Saved entries:
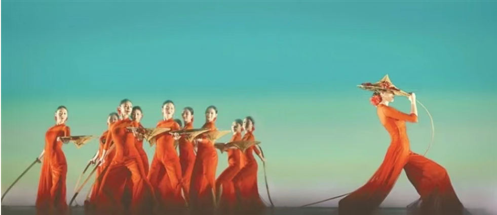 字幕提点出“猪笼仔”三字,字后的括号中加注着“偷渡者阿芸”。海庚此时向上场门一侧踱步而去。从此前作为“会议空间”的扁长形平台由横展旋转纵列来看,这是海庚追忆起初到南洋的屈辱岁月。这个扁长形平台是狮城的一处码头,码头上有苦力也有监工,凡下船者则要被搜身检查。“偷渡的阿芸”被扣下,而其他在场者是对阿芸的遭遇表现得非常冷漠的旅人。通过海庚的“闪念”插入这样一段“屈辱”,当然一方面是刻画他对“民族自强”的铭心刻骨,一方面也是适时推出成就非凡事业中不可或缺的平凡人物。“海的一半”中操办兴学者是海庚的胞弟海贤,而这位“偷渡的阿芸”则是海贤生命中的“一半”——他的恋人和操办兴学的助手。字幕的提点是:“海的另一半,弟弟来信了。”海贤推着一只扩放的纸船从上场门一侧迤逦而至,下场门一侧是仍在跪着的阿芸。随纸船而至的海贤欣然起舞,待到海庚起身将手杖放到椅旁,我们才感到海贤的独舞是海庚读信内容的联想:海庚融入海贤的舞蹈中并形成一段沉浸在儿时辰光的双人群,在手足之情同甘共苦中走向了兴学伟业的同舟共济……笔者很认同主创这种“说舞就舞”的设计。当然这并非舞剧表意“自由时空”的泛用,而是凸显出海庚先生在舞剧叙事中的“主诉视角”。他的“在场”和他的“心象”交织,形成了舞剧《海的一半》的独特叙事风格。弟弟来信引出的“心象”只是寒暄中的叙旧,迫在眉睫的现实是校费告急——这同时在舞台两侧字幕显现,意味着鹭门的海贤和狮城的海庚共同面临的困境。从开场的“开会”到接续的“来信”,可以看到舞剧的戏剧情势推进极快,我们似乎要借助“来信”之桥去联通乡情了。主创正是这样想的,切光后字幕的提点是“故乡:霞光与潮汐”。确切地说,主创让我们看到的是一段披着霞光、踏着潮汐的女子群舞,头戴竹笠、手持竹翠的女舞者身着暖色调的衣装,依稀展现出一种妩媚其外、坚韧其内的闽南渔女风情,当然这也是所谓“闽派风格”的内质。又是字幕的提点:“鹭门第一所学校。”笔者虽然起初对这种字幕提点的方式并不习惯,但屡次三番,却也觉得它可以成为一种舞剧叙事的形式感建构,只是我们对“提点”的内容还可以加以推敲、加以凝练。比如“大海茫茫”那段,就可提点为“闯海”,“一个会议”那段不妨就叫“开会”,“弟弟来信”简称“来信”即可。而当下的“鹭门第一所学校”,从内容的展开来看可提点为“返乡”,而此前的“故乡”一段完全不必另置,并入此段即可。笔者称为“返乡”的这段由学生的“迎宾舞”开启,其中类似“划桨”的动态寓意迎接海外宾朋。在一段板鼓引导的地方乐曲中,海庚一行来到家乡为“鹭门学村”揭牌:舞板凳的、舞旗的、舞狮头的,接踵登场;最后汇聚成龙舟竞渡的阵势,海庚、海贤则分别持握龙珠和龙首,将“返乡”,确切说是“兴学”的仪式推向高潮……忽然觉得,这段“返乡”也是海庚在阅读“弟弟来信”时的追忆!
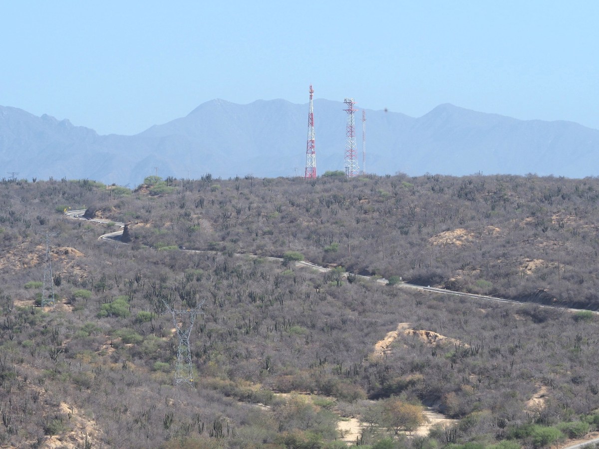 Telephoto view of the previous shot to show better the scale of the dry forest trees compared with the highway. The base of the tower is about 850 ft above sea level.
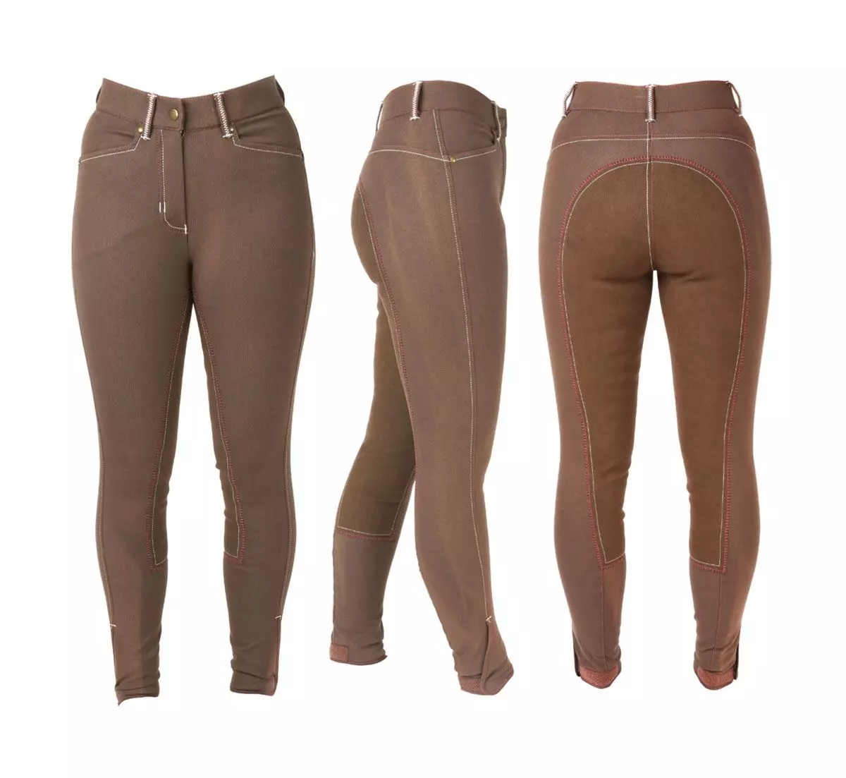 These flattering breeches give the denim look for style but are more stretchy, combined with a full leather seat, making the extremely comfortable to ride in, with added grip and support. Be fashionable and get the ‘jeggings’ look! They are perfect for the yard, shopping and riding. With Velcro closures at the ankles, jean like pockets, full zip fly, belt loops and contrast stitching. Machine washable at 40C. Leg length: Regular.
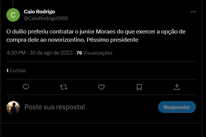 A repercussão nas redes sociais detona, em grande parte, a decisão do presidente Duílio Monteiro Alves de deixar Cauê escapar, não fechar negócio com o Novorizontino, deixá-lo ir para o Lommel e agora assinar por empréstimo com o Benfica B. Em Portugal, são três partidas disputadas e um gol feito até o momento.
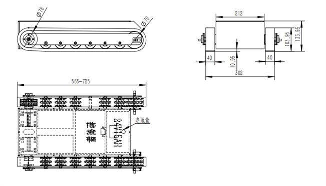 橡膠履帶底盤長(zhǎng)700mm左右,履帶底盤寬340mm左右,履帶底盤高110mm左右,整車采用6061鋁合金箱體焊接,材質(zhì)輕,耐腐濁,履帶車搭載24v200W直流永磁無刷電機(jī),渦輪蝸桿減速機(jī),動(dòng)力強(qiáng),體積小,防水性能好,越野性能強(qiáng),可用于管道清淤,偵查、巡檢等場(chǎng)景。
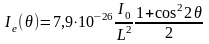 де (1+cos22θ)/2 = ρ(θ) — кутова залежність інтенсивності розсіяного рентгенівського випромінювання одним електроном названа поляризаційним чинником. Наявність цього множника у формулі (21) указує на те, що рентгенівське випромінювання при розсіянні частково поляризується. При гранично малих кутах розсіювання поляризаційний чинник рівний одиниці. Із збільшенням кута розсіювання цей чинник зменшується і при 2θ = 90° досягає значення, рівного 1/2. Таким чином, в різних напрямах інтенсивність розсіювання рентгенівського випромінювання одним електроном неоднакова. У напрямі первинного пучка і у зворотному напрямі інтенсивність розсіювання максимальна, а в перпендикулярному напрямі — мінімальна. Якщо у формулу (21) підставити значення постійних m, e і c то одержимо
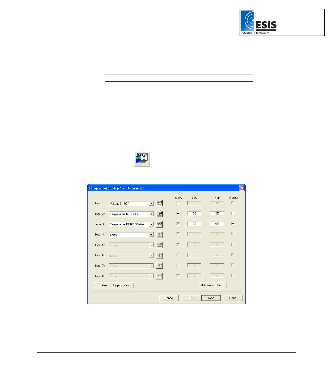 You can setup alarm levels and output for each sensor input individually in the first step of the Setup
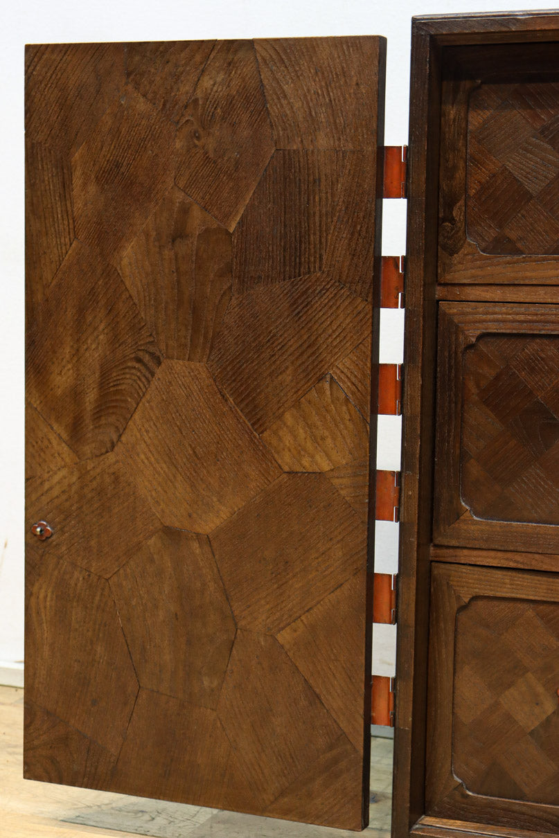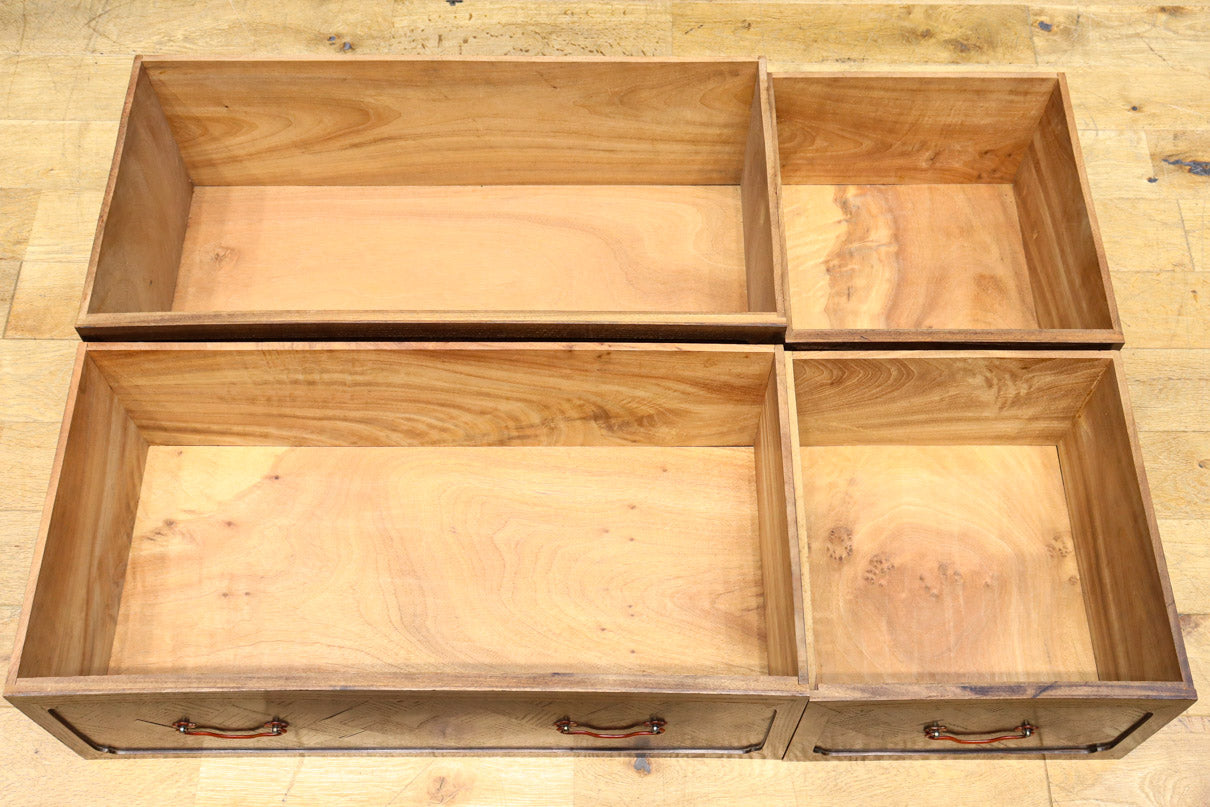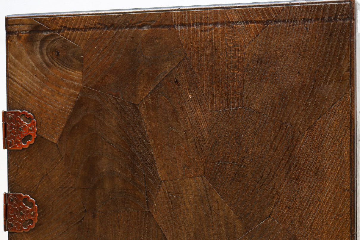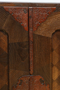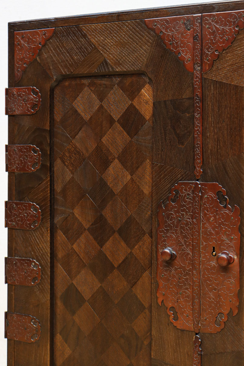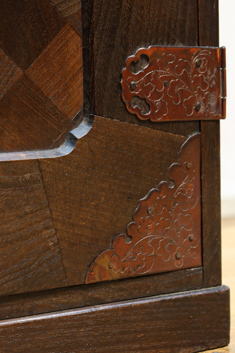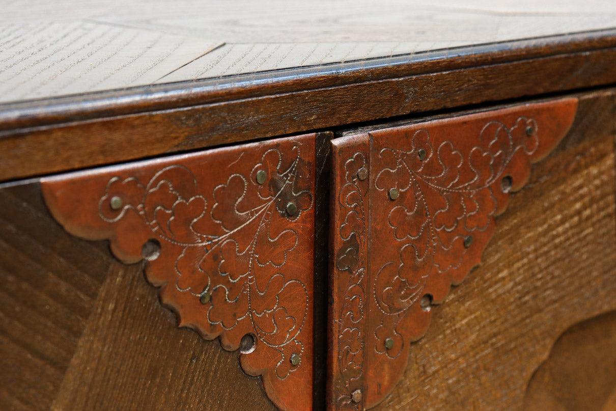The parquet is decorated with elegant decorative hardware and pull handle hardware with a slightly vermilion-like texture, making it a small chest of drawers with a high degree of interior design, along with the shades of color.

# Your assignment
Produce the entries again, word for word, without any of their pictures.

# Task answer
 字幕提点出“猪笼仔”三字,字后的括号中加注着“偷渡者阿芸”。海庚此时向上场门一侧踱步而去。从此前作为“会议空间”的扁长形平台由横展旋转纵列来看,这是海庚追忆起初到南洋的屈辱岁月。这个扁长形平台是狮城的一处码头,码头上有苦力也有监工,凡下船者则要被搜身检查。“偷渡的阿芸”被扣下,而其他在场者是对阿芸的遭遇表现得非常冷漠的旅人。通过海庚的“闪念”插入这样一段“屈辱”,当然一方面是刻画他对“民族自强”的铭心刻骨,一方面也是适时推出成就非凡事业中不可或缺的平凡人物。“海的一半”中操办兴学者是海庚的胞弟海贤,而这位“偷渡的阿芸”则是海贤生命中的“一半”——他的恋人和操办兴学的助手。字幕的提点是:“海的另一半,弟弟来信了。”海贤推着一只扩放的纸船从上场门一侧迤逦而至,下场门一侧是仍在跪着的阿芸。随纸船而至的海贤欣然起舞,待到海庚起身将手杖放到椅旁,我们才感到海贤的独舞是海庚读信内容的联想:海庚融入海贤的舞蹈中并形成一段沉浸在儿时辰光的双人群,在手足之情同甘共苦中走向了兴学伟业的同舟共济……笔者很认同主创这种“说舞就舞”的设计。当然这并非舞剧表意“自由时空”的泛用,而是凸显出海庚先生在舞剧叙事中的“主诉视角”。他的“在场”和他的“心象”交织,形成了舞剧《海的一半》的独特叙事风格。弟弟来信引出的“心象”只是寒暄中的叙旧,迫在眉睫的现实是校费告急——这同时在舞台两侧字幕显现,意味着鹭门的海贤和狮城的海庚共同面临的困境。从开场的“开会”到接续的“来信”,可以看到舞剧的戏剧情势推进极快,我们似乎要借助“来信”之桥去联通乡情了。主创正是这样想的,切光后字幕的提点是“故乡:霞光与潮汐”。确切地说,主创让我们看到的是一段披着霞光、踏着潮汐的女子群舞,头戴竹笠、手持竹翠的女舞者身着暖色调的衣装,依稀展现出一种妩媚其外、坚韧其内的闽南渔女风情,当然这也是所谓“闽派风格”的内质。又是字幕的提点:“鹭门第一所学校。”笔者虽然起初对这种字幕提点的方式并不习惯,但屡次三番,却也觉得它可以成为一种舞剧叙事的形式感建构,只是我们对“提点”的内容还可以加以推敲、加以凝练。比如“大海茫茫”那段,就可提点为“闯海”,“一个会议”那段不妨就叫“开会”,“弟弟来信”简称“来信”即可。而当下的“鹭门第一所学校”,从内容的展开来看可提点为“返乡”,而此前的“故乡”一段完全不必另置,并入此段即可。笔者称为“返乡”的这段由学生的“迎宾舞”开启,其中类似“划桨”的动态寓意迎接海外宾朋。在一段板鼓引导的地方乐曲中,海庚一行来到家乡为“鹭门学村”揭牌:舞板凳的、舞旗的、舞狮头的,接踵登场;最后汇聚成龙舟竞渡的阵势,海庚、海贤则分别持握龙珠和龙首,将“返乡”,确切说是“兴学”的仪式推向高潮……忽然觉得,这段“返乡”也是海庚在阅读“弟弟来信”时的追忆!
 Telephoto view of the previous shot to show better the scale of the dry forest trees compared with the highway. The base of the tower is about 850 ft above sea level.
 These flattering breeches give the denim look for style but are more stretchy, combined with a full leather seat, making the extremely comfortable to ride in, with added grip and support. Be fashionable and get the ‘jeggings’ look! They are perfect for the yard, shopping and riding. With Velcro closures at the ankles, jean like pockets, full zip fly, belt loops and contrast stitching. Machine washable at 40C. Leg length: Regular.
 A repercussão nas redes sociais detona, em grande parte, a decisão do presidente Duílio Monteiro Alves de deixar Cauê escapar, não fechar negócio com o Novorizontino, deixá-lo ir para o Lommel e agora assinar por empréstimo com o Benfica B. Em Portugal, são três partidas disputadas e um gol feito até o momento.
 橡膠履帶底盤長(zhǎng)700mm左右,履帶底盤寬340mm左右,履帶底盤高110mm左右,整車采用6061鋁合金箱體焊接,材質(zhì)輕,耐腐濁,履帶車搭載24v200W直流永磁無刷電機(jī),渦輪蝸桿減速機(jī),動(dòng)力強(qiáng),體積小,防水性能好,越野性能強(qiáng),可用于管道清淤,偵查、巡檢等場(chǎng)景。
 де (1+cos22θ)/2 = ρ(θ) — кутова залежність інтенсивності розсіяного рентгенівського випромінювання одним електроном названа поляризаційним чинником. Наявність цього множника у формулі (21) указує на те, що рентгенівське випромінювання при розсіянні частково поляризується. При гранично малих кутах розсіювання поляризаційний чинник рівний одиниці. Із збільшенням кута розсіювання цей чинник зменшується і при 2θ = 90° досягає значення, рівного 1/2. Таким чином, в різних напрямах інтенсивність розсіювання рентгенівського випромінювання одним електроном неоднакова. У напрямі первинного пучка і у зворотному напрямі інтенсивність розсіювання максимальна, а в перпендикулярному напрямі — мінімальна. Якщо у формулу (21) підставити значення постійних m, e і c то одержимо
 You can setup alarm levels and output for each sensor input individually in the first step of the Setup
The parquet is decorated with elegant decorative hardware and pull handle hardware with a slightly vermilion-like texture, making it a small chest of drawers with a high degree of interior design, along with the shades of color.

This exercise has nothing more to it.